You will all remember that when the laugh of my life, the pretty Fiolina, returned home from her people, she came with her niece, Electina.
No one had sought my permission given that it is my home, and I should have some input on who gets admission to my palace.
But I remembered my father’s wise words — that although the home is mine, the house is Fiolina’s. Fiolina wasn’t bothered by my anger at Electina’s unannounced arrival. She went on with her life normally.
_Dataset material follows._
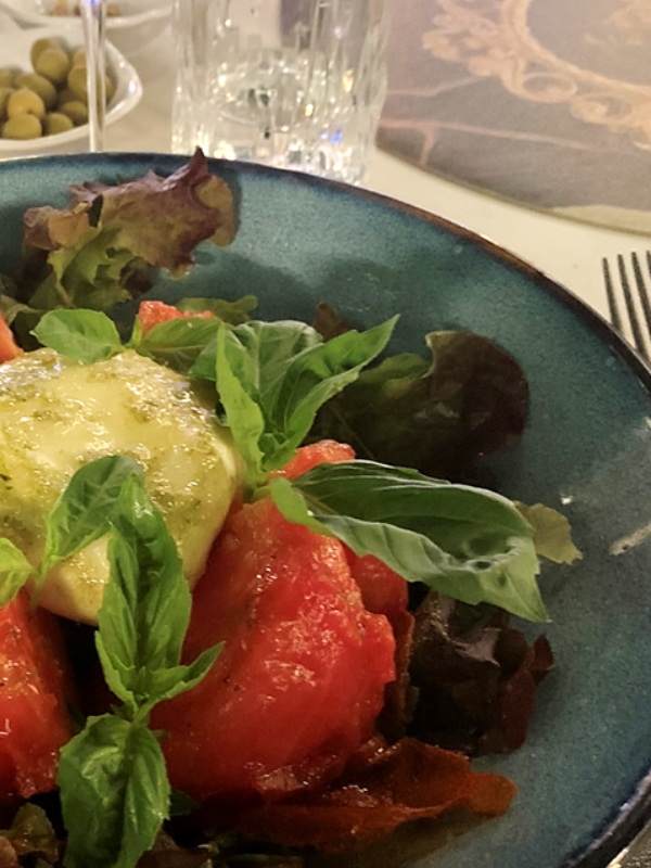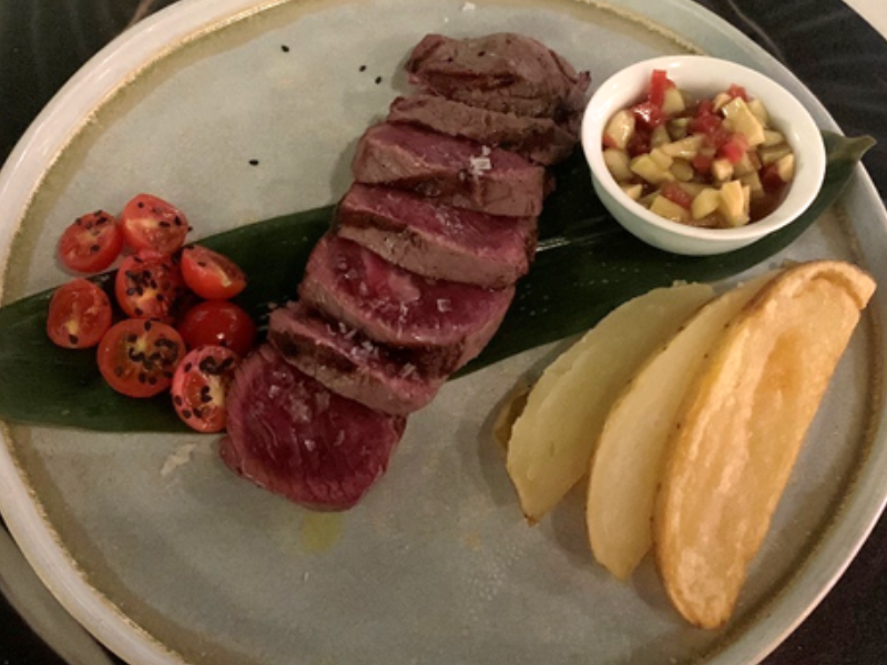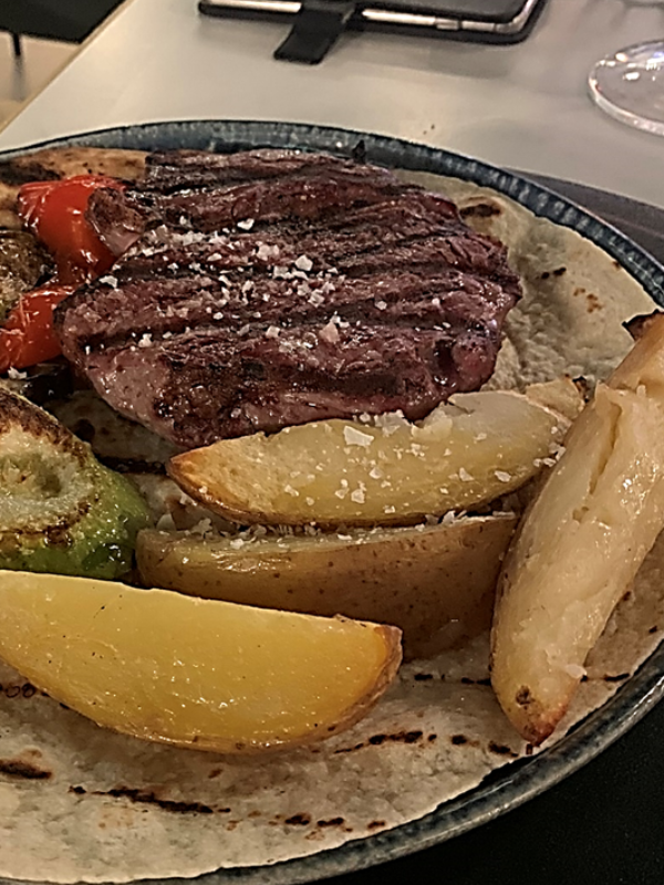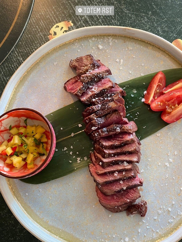 We waren met drie en ons tafelgezelschap, skipte het voorgerecht/in the centre en koos voor: een salade met burrata en een vleestomaat van ½ kilo, een Angus steak en een tataki van beef. Klinkt allemaal heel eenvoudig en saai, maar Totem zou onze favoriet niet zijn als er aan elk gerecht geen twist aan vast zat: de smaken waren fantastisch, de bordschikking ontzettend origineel. Mijn tataki (is vlees gesneden in schijfjes) werd opgediend onder een stolp waaruit een ganse wolk rook kwam. Het vlees was zo sappig als boter en doortrokken van een rook smaak. Dit was geserveerd op een mooi bord waar op de bodem een langwerpig decoratief blad lag. In een (echt) klein potje kwamen piepfijn gesneden groentenblokjes gedrenkt in een fantastisch smakend sausje. Yammie!

I was therefore not surprised when last Monday Fiolina arrived at school with Electina, whom she wanted admitted to Class Eight.
She had not mentioned such a thing to me at home. With the headmistress not around — she is yet to report since the year began — I had to handle the matter.
Usually, a new student is required to have a clearing letter from the previous school as well as Sh200 for interview.
Fiolina did not have such a letter. Your guess is as good as mine regarding whether I was paid the Sh200 or not.
I took Electina to Class Eight, where Lena welcomed her. Electina was still wearing her previous school’s uniform, which was torn.
Last Wednesday, I arrived home to find that she had been sent home by Kuya due to the uniform. It was clear Kuya wanted to spite me.
“He told me to tell my parents to buy me Mwisho wa Lami uniforms,” Electina said when I arrived home. Kuya was right, her parents needed to buy her uniforms, not her guardians.
To avoid the incessant reminders from Electina, I left for Hitler’s. For the first time since the earth was created, Tocla, Electina’s father, bought me a drink.
I would later learn that Kizito, the lawyer who has always wanted to be our MP for years unsuccessfully, was building a house and had made Tocla the foreman.
Tocla was thus flowing in money. He bought several people plenty of liquor.
NOT A NEEDY CASE
As I staggered home that evening, I made quick calculations and realised that with the money spent on drinks for two days, Tocla could be able to buy uniform for his daughter, and not expect some generous relatives to do so.
Fiolina confronted me when I arrived home. “Kama huyu angekuwa mtoto was Yunia, ama Caro, ama wa ndugu yako, ungekuwa ushanunua uniform,” she said. “But kwa sababu ni mtoto wa ndugu yangu, umetuwachia mzigo.”
She reminded me that I had brought my siblings’ children many things without complaining. “Plus, you are the deputy of the school. Hiyo ni aibu gani unatuletea?”
She had a point, and I almost considered caving in, but when I remembered that Electina’s father had been blowing money at Hitler’s, I resolved not to help. This was not a needy case like those I had helped before.
I told Electina to go to school the next day. That evening, I had a discussion with Tocla, reminding him that his daughter was now in Class Eight and we could not afford to see her out of school if we truly wanted her to pass well.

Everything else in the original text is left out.